以下代码分析基于go版本的leveldb
https://github.com/syndtr/goleveldb
journal的写入时机
Put写入数据时,最终会走到的writeLocked方法里的以下代码块
// ourBatch is batch that we can modify.
func (db *DB) writeLocked(batch, ourBatch *Batch, merge, sync bool) error {
...
// Seq number.
seq := db.seq + 1
// 在这先写日志
// Write journal.
if err := db.writeJournal(batches, seq, sync); err != nil {
db.unlockWrite(overflow, merged, err)
return err
}
// Put batches.
for _, batch := range batches {
if err := batch.putMem(seq, mdb.DB); err != nil {
panic(err)
}
seq += uint64(batch.Len())
}
...
return nil
}
journal的结构
先分析下journal的实现,在DB结构体中,journal的类型为 *journal.Writer
type DB struct {
...
journal *journal.Writer
// journalWriter storage.Writer
// journalFd storage.FileDesc
...
}
// Writer writes journals to an underlying io.Writer.
type Writer struct {
// w is the underlying writer.
w io.Writer
// seq is the sequence number of the current journal.
seq int
// f is w as a flusher.
f flusher
// buf[i:j] is the bytes that will become the current chunk.
// The low bound, i, includes the chunk header.
i, j int
// buf[:written] has already been written to w.

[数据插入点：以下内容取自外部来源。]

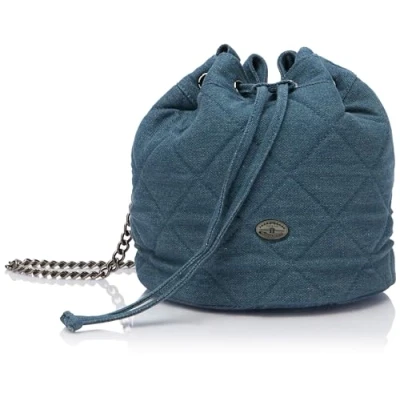 Casual pouch bag for women Decorative diamond quilting Drawstring Titanium-coloured link chain as carrying strap Titanium-coloured logo appliqué

// written is zero unless Flush has been called.
written int
// first is whether the current chunk is the first chunk of the journal.
first bool
// pending is whether a chunk is buffered but not yet written.
pending bool
// err is any accumulated error.
err error
// buf is the buffer.
buf [blockSize]byte
}
-
成员变量w实际上会在打开DB时被传入一个文件,见以下代码,可以看出写入的journal文件实际是
${dbpath}/%06d.log
func (fs *fileStorage) Create(fd FileDesc) (Writer, error) { ... of, err := os.OpenFile(filepath.Join(fs.path, fsGenName(fd)), os.O_WRONLY|os.O_CREATE|os.O_TRUNC, 0644) if err != nil { return nil, err } fs.open++ return &fileWrap{File: of, fs: fs, fd: fd}, nil } func fsGenName(fd FileDesc) string { switch fd.Type { case TypeManifest: return fmt.Sprintf("MANIFEST-%06d", fd.Num) case TypeJournal: return fmt.Sprintf("%06d.log", fd.Num) case TypeTable: return fmt.Sprintf("%06d.ldb", fd.Num) case TypeTemp: return fmt.Sprintf("%06d.tmp", fd.Num) default: panic("invalid file type") } } func OpenFile(path string, readOnly bool) (Storage, error) { ... fs := &fileStorage{ path: path, readOnly: readOnly, flock: flock, logw: logw, logSize: logSize, } ... }
-
每个journal都有一个序列号seq
-
buf存放着journal的数据
-
一个journal可以拆分为多个chunk, i和j标记当前写入的chunk的左右边界
-
first标记当前写入的chunk是否是第一个chunk
-
pending表示当前的chunk是否还没被写入磁盘
journal的写入
writeJournal
func (db *DB) writeJournal(batches []*Batch, seq uint64, sync bool) error {
// 拿到本次负责写入的writer
wr, err := db.journal.Next()
if err != nil {
return err
}
// 将数据写入writer,此时数据还在内存缓冲区中
if err := writeBatchesWithHeader(wr, batches, seq); err != nil {
return err
}
// 将journal内的数据刷入磁盘
if err := db.journal.Flush(); err != nil {
return err
}
if sync {
return db.journalWriter.Sync()
}
return nil
}
- 通过journal.Next拿到一个writer
- writeBatchesWithHeader将batches写入writer中
journal.Next
const (
blockSize = 32 * 1024
headerSize = 7
)
// Next returns a writer for the next journal. The writer returned becomes stale
// after the next Close, Flush or Next call, and should no longer be used.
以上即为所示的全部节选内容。